We are given the following information: - The motorboat traveled with the current for 4 hours. - The motorboat traveled against the current for 3 hours. - The distance traveled with the current is 27 km more than the distance traveled against the current. - The speed of the current is 2.5 km/h.

We need to find the speed of the motorboat in still water.

Solution

Let's assume the speed of the motorboat in still water is x km/h.

When the motorboat is traveling with the current, its effective speed is the sum of its speed in still water and the speed of the current. Therefore, the distance traveled with the current can be calculated as:

Distance with current = (Speed with current) × (Time with current)

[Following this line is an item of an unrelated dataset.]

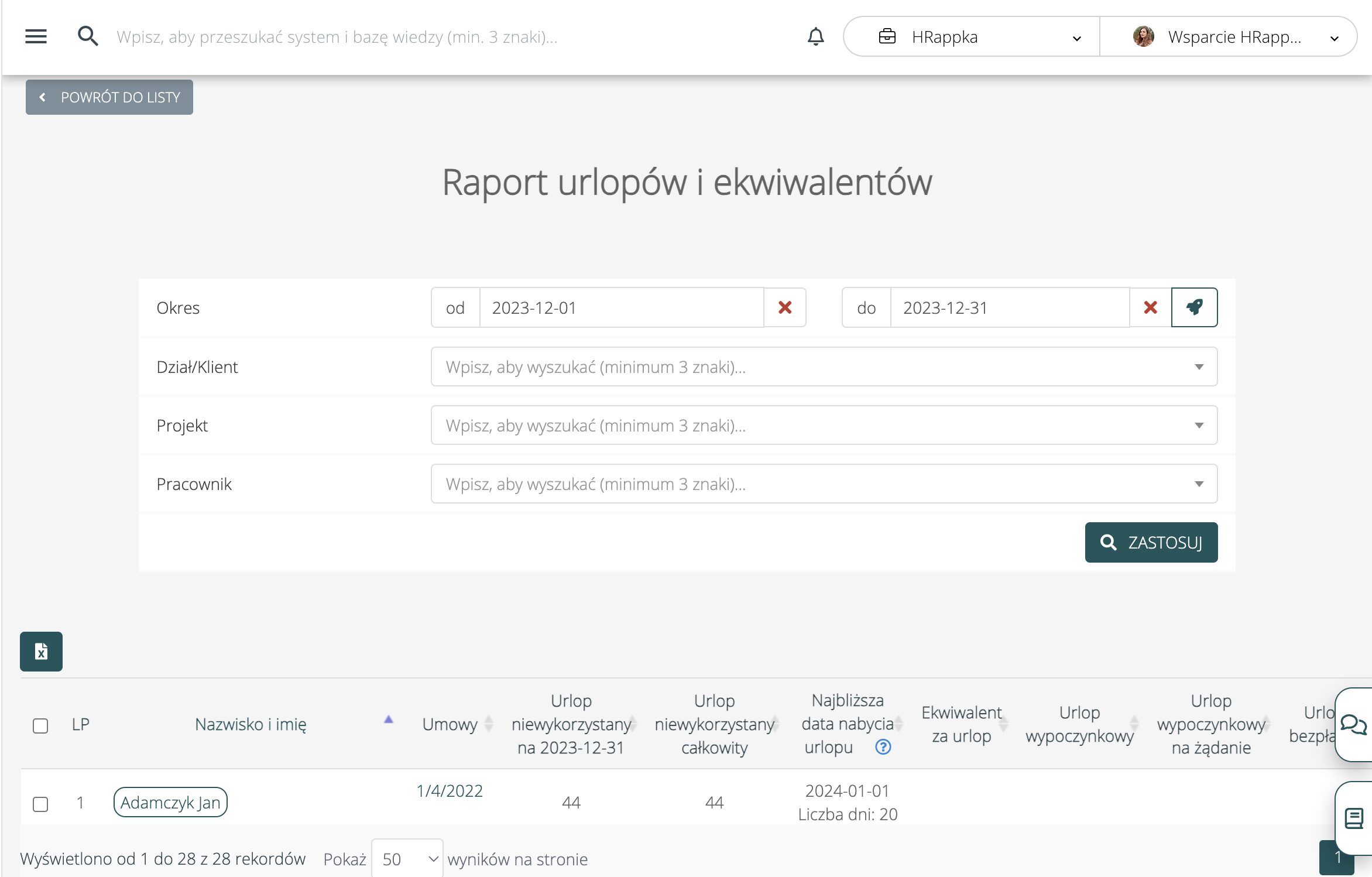 Raport wykorzystanych urlopów pracownika można znaleźć w Raporty > Raport urlopów i ekwiwalentów.

Substituting the given values, we have:

Distance with current = (x + 2.5) × 4

Similarly, when the motorboat is traveling against the current, its effective speed is the difference between its speed in still water and the speed of the current. Therefore, the distance traveled against the current can be calculated as:

Distance against current = (Speed against current) × (Time against current)

Substituting the given values, we have:

Distance against current = (x - 2.5) × 3

We are also given that the distance traveled with the current is 27 km more than the distance traveled against the current. Mathematically, we can express this as:

Distance with current = Distance against current + 27

Substituting the previously calculated values, we have:

(x + 2.5) × 4 = (x - 2.5) × 3 + 27

Now, we can solve this equation to find the value of x, which represents the speed of the motorboat in still water.

Calculation

Let's solve the equation step by step:

(x + 2.5) × 4 = (x - 2.5) × 3 + 27

Expanding the equation:

4x + 10 = 3x - 7.5 + 27

Combining like terms:

4x - 3x = 27 - 7.5 - 10

Simplifying:

x = 9.5

Answer

The speed of the motorboat in still water is 9.5 km/h.

Explanation

When the motorboat is traveling with the current, its effective speed is the sum of its speed in still water and the speed of the current. Therefore, the distance traveled with the current is greater than the distance traveled against the current. In this case, the difference in distance is 27 km.

By solving the equation, we find that the speed of the motorboat in still water is 9.5 km/h. This means that when there is no current, the motorboat can travel at a speed of 9.5 km/h.